Again there are examples of the g chart with
other data on our live.statit.com
site under the Rare Event Webinar.
The g chart is simple to implement. Your data
can be in the form of dates or datetime that
an event took place. Or it can be a column of
days or time between individual events. Or a
column of the counts of events between adverse
events.
The g chart also has the many options available
to other Statit SPC charts including phases,
reference lines, Assignable Cause points, etc.
G charts only need one chart to analyze the
process. Generally with the g chart, the lower
control limit does not come into play and is
bounded by zero.
Notice on this chart that I have displayed
the number of days since the last spill. This
number is an indication of how the process is
behaving since the last spill. It would be important
to know how we are doing in relation to that
last event but until we get the next spill,
we cannot calculate the number of days between.

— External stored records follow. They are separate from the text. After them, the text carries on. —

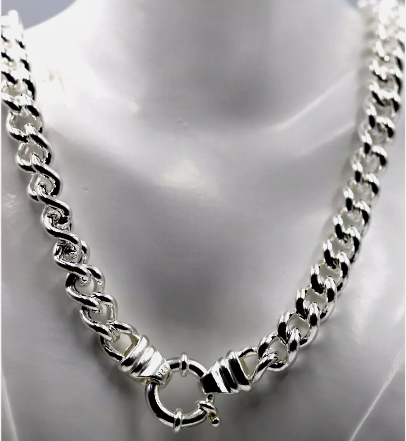 167g Solid Very Heavy Sterling Silver 925 Round Curb Bolt Ring Necklace Chain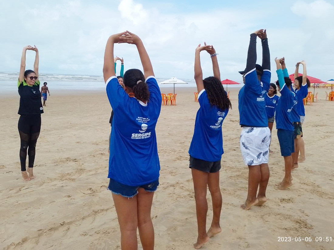 Esta é a segunda atividade do projeto. A primeira ação externa aconteceu em 15 de abril deste ano, também na Praia da Costa, com o apoio do Corpo de Bombeiros Militar de Sergipe e do Projeto Onda do Bem , e a participação dos discentes do Curso de Licenciatura em Matemática do Campus Aracaju do IFS. Para participar, não necessita de inscrição, sendo aberta à comunidade, porém, nas duas primeiras práticas do projeto, dias 15 de abril e 6 de maio, os estudantes foram selecionados por sorteio, realizado pela professora do Colégio Estadual João Batista Nascimento. Andréa Carla Guimarães dos Santos.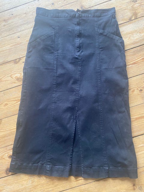 Flot sort nederdel med lommer, knapper og lynlås i str. 38. Mrk. Soyaconcept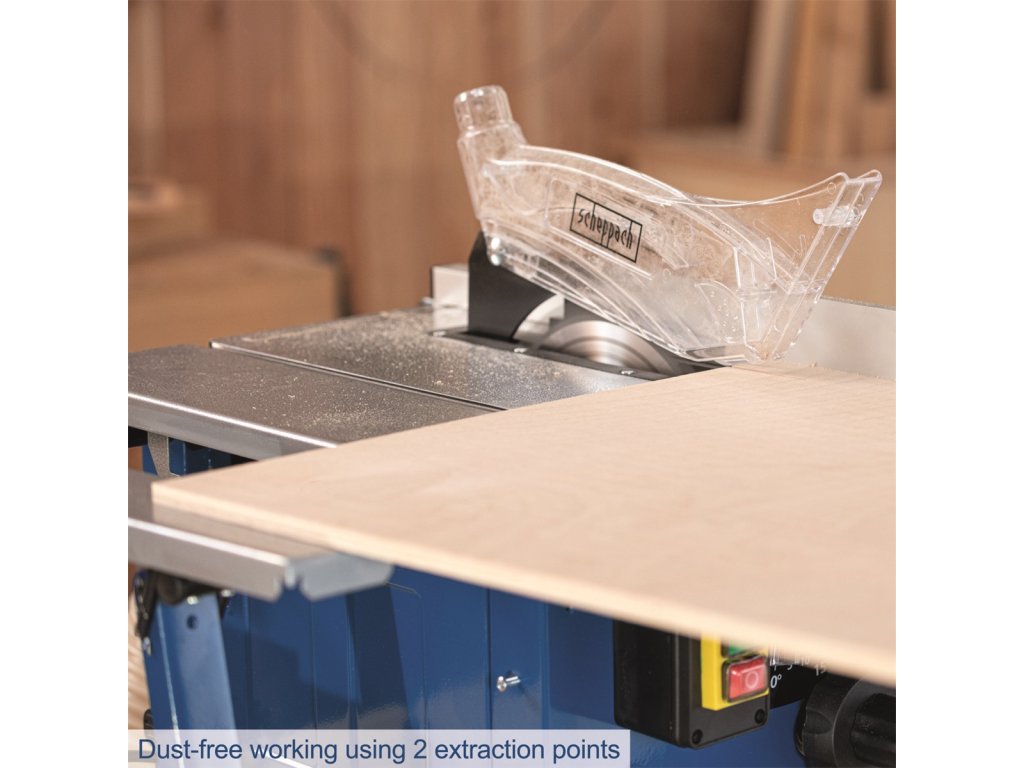 Integrované bočné predĺženie stola z hliníkovej zliatiny umožňuje bezpečnú prácu s rozmernejším materiálom.

However, I have color-coded the subtitle such
that it is red if the days since the last spill
is less than the mean, yellow if it is between
the mean and the Upper Control Limit, and green
if it is above the Upper Control Limit.
|
XmR on Rate
|
g Chart
|
|
Double Charts
|
Single Chart
|
|
Down is good
|
Up is Good
|
|
Data Manipulation
|
Ease of Use (Simple
Data)
|
So for a g chart, higher is better. We only
need one chart because one parameter describes
the distribution. The data is simple, but the
Lower Control Limit has little use on the g
chart. So to compare the two alternatives, we
see that major differences are in the interpretation
and the simplicity of the data. Lower is better
on XmR and higher is better on g chart. XmR
may require data calculation and manipulation.
G chart is simple to implement with simpler
data. XmR chart may require analyzing two charts.

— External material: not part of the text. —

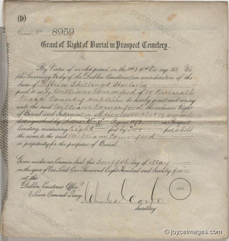"dockets of the Catholic Cemeteries' (Glasnevin) Committee, relative to a graveplot purchased: a local press cutting concerning change of name by deedpoll." ([U17.1865])

G chart does not give us much information with
the Lower Control Limit.
Now, suppose we want this information to be
displayed to the organization. With Statit e-QC,
you have the ability to schedule reports on
a frequent basis to give you up-to-date information.
And, you can access these reports from your
intranet. So you could publish a scheduled report
as shown on live.statit.com
and link it to your intranet so that everyone
knows how you are doing currently and how that
compares to the past and whether or not you
are getting better. This, of course, give a
better indicator than just a simple sign.
Of course, there are other alternatives such
as transformations or Cusum charts. But I find
that these charts are easier to interpret for
most users.
References:
Benneyan, J.C. (2001). Number-Between
g-Type Statistical Quality Control Charts for
Monitoring Adverse Events. Healthcare Management
Science, 4.
Wheeler, D.J. (2004). Advanced topics
in statistical control The power of Shewharts
charts (2nd ed.). Knoxville, TN: SPC Press.